Updated immunization recommendations for flu shots for children have been unveiled by three leading U.S. health groups.

The revised 2009 schedule calls for routine annual flu shots for children aged 6 months through 18 years. The previous recommendation applied to children from 6 months to 59 months of age. The new recommendation increases the number of eligible children by approximately 30 million.

"Vaccination is the best protection against influenza," Dr. Anne Schuchat, director of the U.S. Centers for Disease Control and Prevention's National Center for Immunization and Respiratory Disease, said in a news release issued Wednesday. "This important update to the childhood immunization schedule helps us extend protection from influenza and its complications to all children between the ages of 6 months and 18 years, not just those at highest risk of complications from influenza."

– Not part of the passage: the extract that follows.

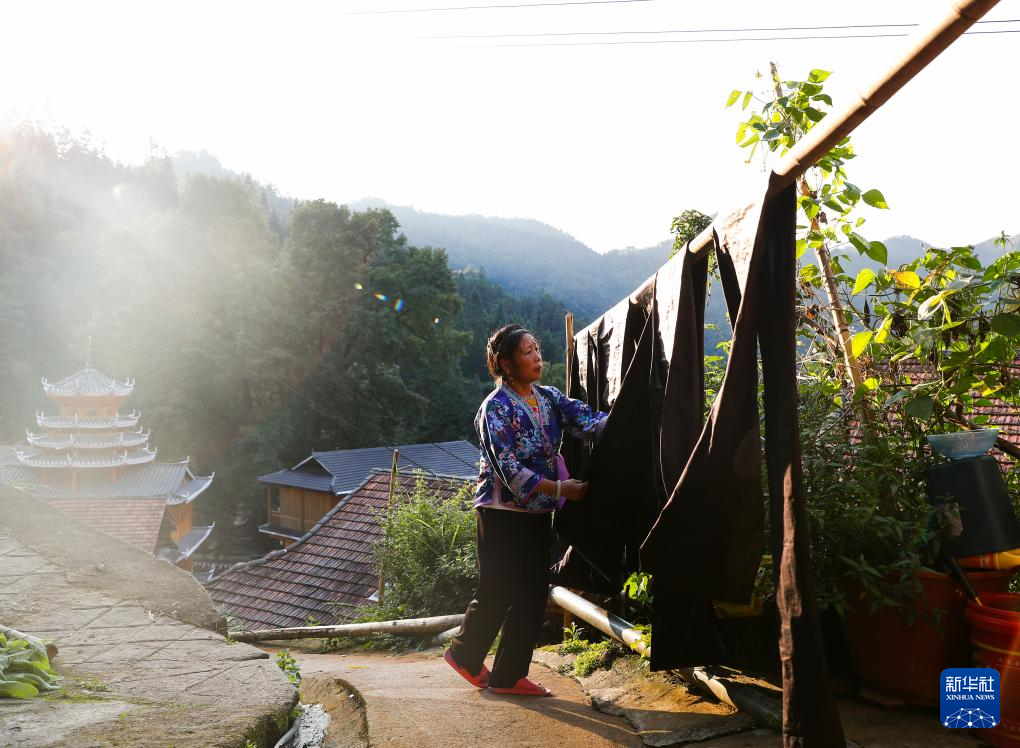 乌英苗寨妇女梁足英在晾晒还未完工的亮布(8月30日摄)。

The other health groups announcing the new vaccination schedule were the American Academy of Pediatrics and the American Academy of Family Physicians.

Recommendations for inoculation against rotavirus -- a disease that causes diarrhea in young children -- include changes for the maximum ages for vaccination. The first dose should be given by 15 weeks of age. The latest age any dose may be given is 15 months. If the vaccine Rotarix is administered at ages 2 and 4 months, a dose at 6 months is not needed, the news release said.

The revised schedule also clarifies vaccination against human papillomavirus, the leading cause of cervical cancer in women. Routine dosing intervals should be used for series catch-up -- i.e., the second and third doses should be administered two and six months after the first dose. The third dose should be given at least 24 weeks after the first dose, the release said.